I am about as good a python developer as I am a mechanic (that is to say: not very good), but I was eventually able to hammer something into place that met my needs.

Final Thoughts

Creating a comprehensive index for SANS/GIAC exams might seem tedious, but it’s an investment that pays dividends. The process of building the index helps solidify concepts in your mind, making you more familiar with the material even before exam day. Having spent hours with each book, you develop an intuitive understanding of where specific topics are covered.

My approach combines:

A detailed spreadsheet tracking book numbers, page numbers, slide titles, and keywords
Converting this to easily parseable markdown/PDF format using my custom tool
Supplementing with visualizations like word clouds to provide another perspective on content focus
Strategic use of practice exams to validate and improve the index

This method has helped me pass four GIAC exams so far while managing exam anxiety. The peace of mind from having a well-organized index is invaluable when facing questions about obscure topics buried somewhere in 1000+ pages of material.

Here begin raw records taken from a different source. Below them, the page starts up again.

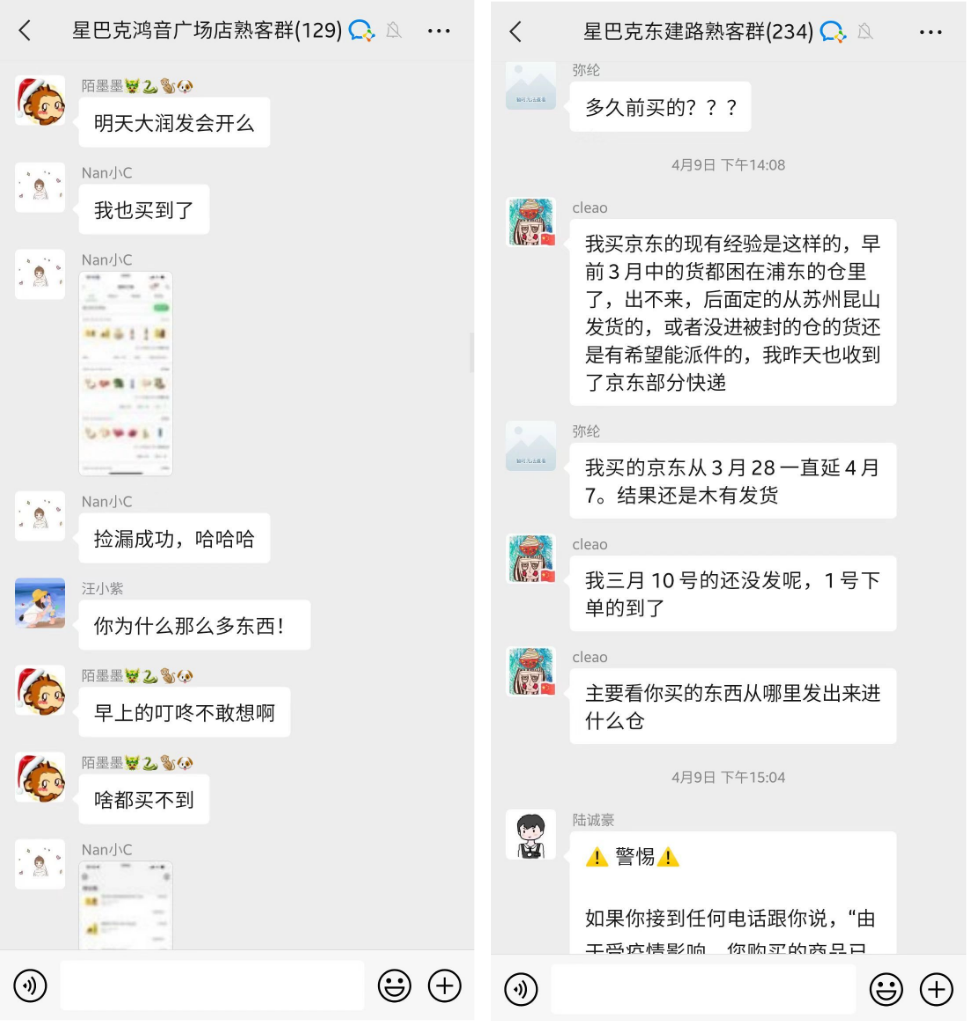 比如,上海疫情期间,大家在群内询问疫情、团购、发货等事宜,互帮互助。
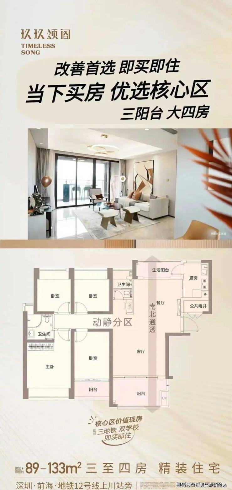 玖玖颂阁项目位于深圳宝安区,占位前海黄金圈内环,享受宝中醇熟配套。项目在售建面89-133㎡三至四房,全南向板楼设计,通风采光佳;建面89㎡三房两厅两卫,人生第一套房不必迁就;建面128-133㎡四房两厅两卫,阔绰奢宅,三代同堂的进阶之选。
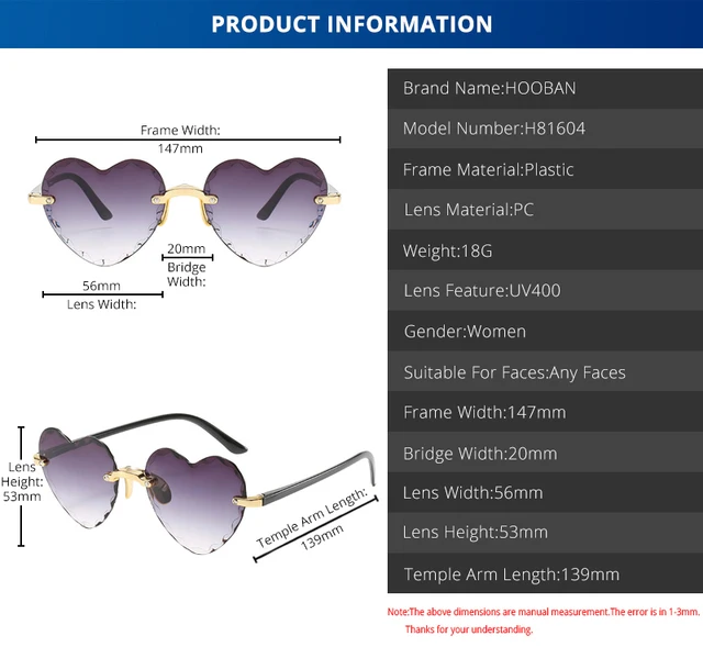 Boah, diese herzförmige Sonnenbrille ist ja mal total crazy und wunderschön! Das retro Design ohne Rand sieht einfach mega aus und ist was Besonderes. Die Gold-Bügel aus Metall sind super leicht und bequem zu tragen. Es gibt verschiedene Farben: Knalliges Rot, sanften Gelb-Gradient oder traumhaften Blau-Rosa-Verlauf - für jeden Style was dabei! Die herzförmigen Gläser geben dir ein großzügiges Sichtfeld - sieht nicht nur gut aus, sondern ist auch praktisch. Perfekt für Festivals, Partys, Strand oder einfach für den Sommer in der Stadt. Die Bügelenden sind aus schwarzem Acetat - sitzen angenehm und rutschen nicht. Mit dieser Brille wirst du definitiv auffallen - im positiven Sinne! Ob zu Kleid, Jeans oder Sommer-Outfit - sie passt einfach immer und macht jedes Outfit besonders. Die Qualität ist gut - kein Billig-Plastik sondern richtige Verarbeitung. Einfach bestellen und den Sommer in vollen Zügen genießen - mit Style und Sonnenschutz! Damit bist du der Star auf jeder Party!
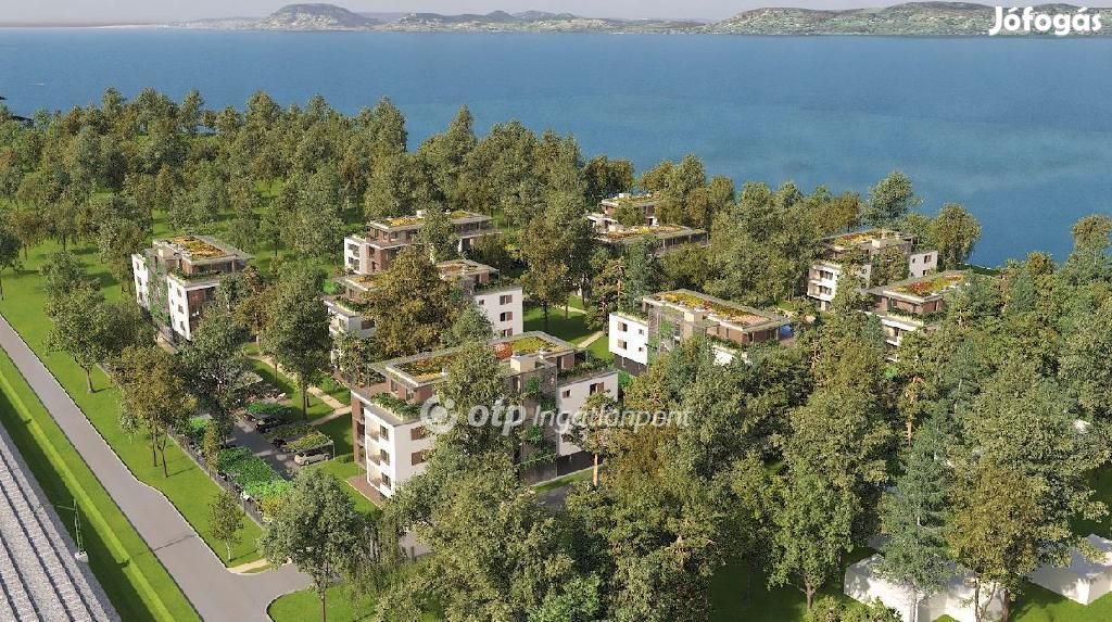 Balaton Déli part, Balatonszemes, közvetlen vízparti, 90 m2 lakás eladó. Az ingatlan a Balaton egyik legszebb vízparti lakóparkjában, természetes zöld környezetben található. A környezettudatosan épült, panorámás kilátást nyújtó, modern épületek esztétikailag és a fenntarthatóság szempontjából is kiemelkedőek, egyszerre biztosítják a kényelmes otthont és a balatoni életstílust. A különböző lakástípusok lehetőséget adnak arra, hogy minden lakó megtalálja a számára tökéletes otthont, akár az Otthon Start Hitelprogram keretében is. A földszinti lakások terasszal és kertkapcsolattal rendelkeznek, az épületek felső emeletén penthouse lakás került kialakításra. Ehhez a 77 m2-es 1. emeleti lakáshoz kis tároló és két, összesen 26 m2 erkély tartozik. A lakópark nem csak elhelyezkedése miatt egyedi, minden egyes lakás a legújabb intelligens technológiával, magas minőségű és igényes alapanyagokkal, prémium extrákkal kerül kialakításra. Egyszerre komfortosak és energiahatékonyak: elektromos redőnyök, szúnyogháló, egyedileg vezérelhető hőszivattyús, fan-coilos hűtési és fűtési rendszer, okosotthon rendszer, beléptető rendszer, riasztórendszer. Az ingatlan értékét növelik a következő szolgáltatások: a területen kialakított gondnoki, üzemeltetési iroda; zöldterületbe illesztett játszótér; zárt, privát vízpart több, mint 130 méteren; partmenti stég; közel 120 m2 vízfelületű strandmedence 16 m2-es gyermekpancsolóval; automata öntözőhálózat a lakóépületek közötti zöldfelületek öntözésére. OTP Ingatlanpont és Pénzügyi Pont irodánk teljeskörű támogatást nyújt az ingatlan kiválasztásával, megvételével, biztosításával és finanszírozásával, akár egyedi kedvezményes hitelekkel, befektetési lehetőségekkel kapcsolatban is. Bővebb információért keressen telefonon!
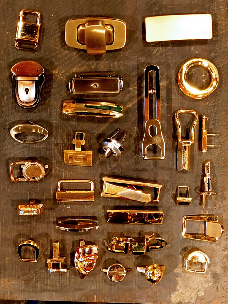 バッグメーカーさんから、古い金具をたくさんいただいたので、それを販売します。デッドストック品なので、あるだけ&なくなり次第終売します。Dカンやキーケースの金具、尾錠などなど、色んなものがあります。写真に写っているのはほんの一部。この数倍の量があります、、、お願いなので一緒に減らしてください笑

Remember that creating an index is part of the learning process itself. The time spent organizing the information is not wasted—it’s an active form of studying that will serve you well during the exam and beyond in your career.

Good luck with your SANS courses and GIAC certifications. The exams may be challenging, but with proper preparation and a solid index, you’ll be well-equipped to succeed.